I don't think that many people weigh but IMO it is the most accurate way of knowing if the eggs are experiencing proper humidity.
https://poultrykeeper.com/incubating-and-hatching-eggs/weight-loss-method-forl-incubation/
yes that is exactly right. Temperature and air flow will also play a part in the drying but not as much as humidity.
Imagine you have a glass of water and you leave it on the kitchen counter for 3 weeks. The aim is to have the glass of water evaporate, not too fast and not too slow. If sun were to shine on it it would evaporate in less than a week. In a very humid cool place it might not lose much water at all.
If one week it loses half the water, then for the next weeks you place it somewhere really humid then it will hardly lose any water and will have gotten back on track to losing all the water by the end of week 3 again so the humidity is not crucial at any time as such but the overall average and more important the rate of transpiration as a result over the whole 3 weeks.

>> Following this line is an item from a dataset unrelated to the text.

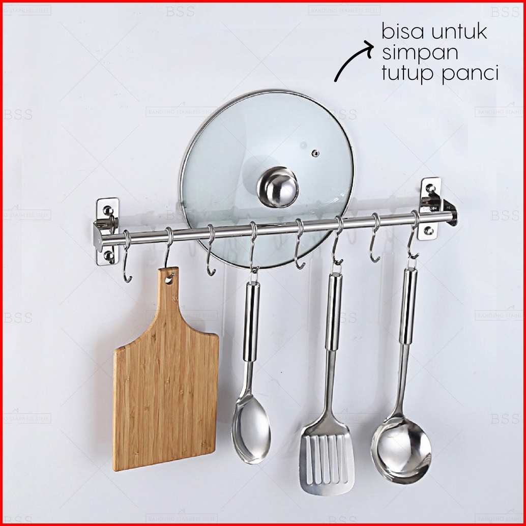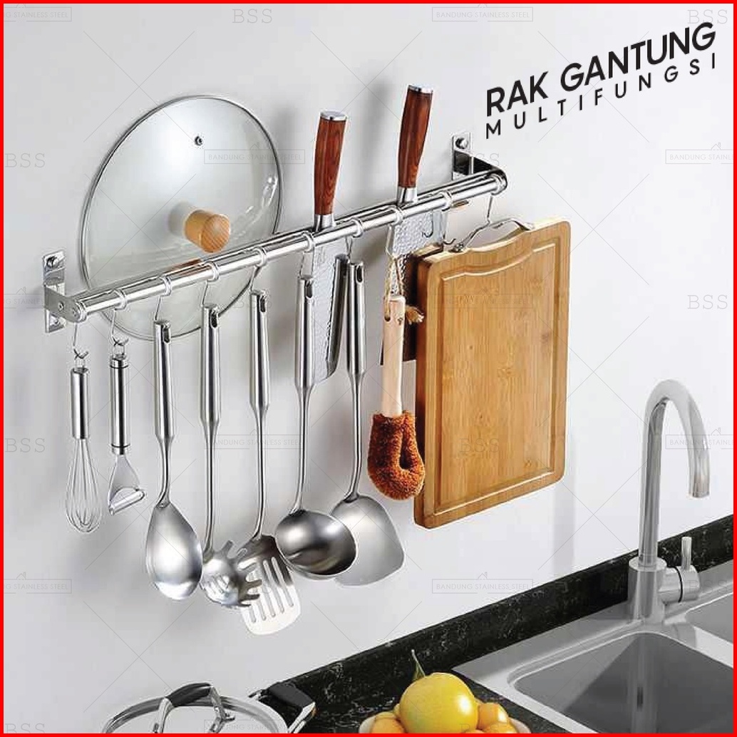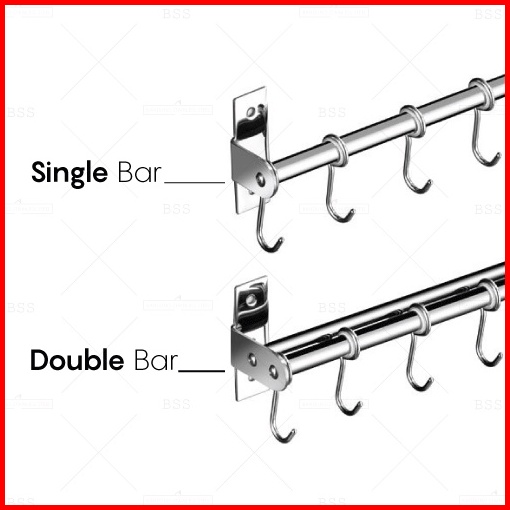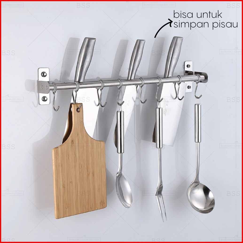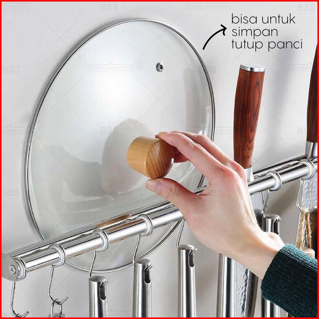 Kitchen Bar 60cm 80cm 100cm Single Double Gantungan Rak Dapur Pisau Panci Stainless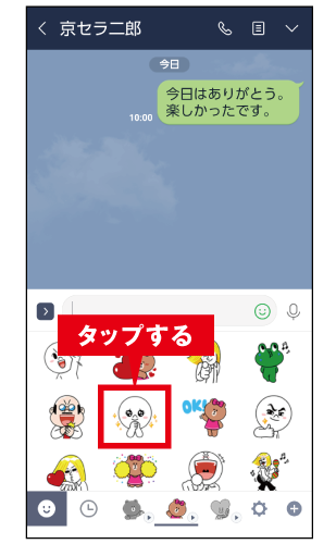 (6) スタンプが大きく表示(プレビュー)されるので、確認してタップします。

Day 5 is a good day to weigh them but you need jewellers scales that can measure to 0.1g or ideally 0.01g
What you do then is you work out how much your egg should be losing per day from then on.
Lets say your egg weighs 50g on day 5 (ideally you start with the original weight but day 5 is close enough).
Over the next 21 days it should lose 13% of its weight. So 13% of 50g is 6.5g weight loss.
Ok so next you divide the total weight loss the egg should achieve by 21, so 6.5/21= 0.3grams per day.
Then you either weigh some eggs daily and track their progress or weigh again in a few days time - lets say you check again on day 10, so 5 days later. In 5 days it should lose 5 x 0.3g = 1.5g
So on day 10 your 50g egg on day 5 should now weigh 50-1.5 = 48.5 grams
If the egg weighs less than this then it is losing more moisture than it should be and you need to increase humidity slightly.
If the egg weighs more than this then it has lost too little moisture and so humidity needs to be lowered slightly.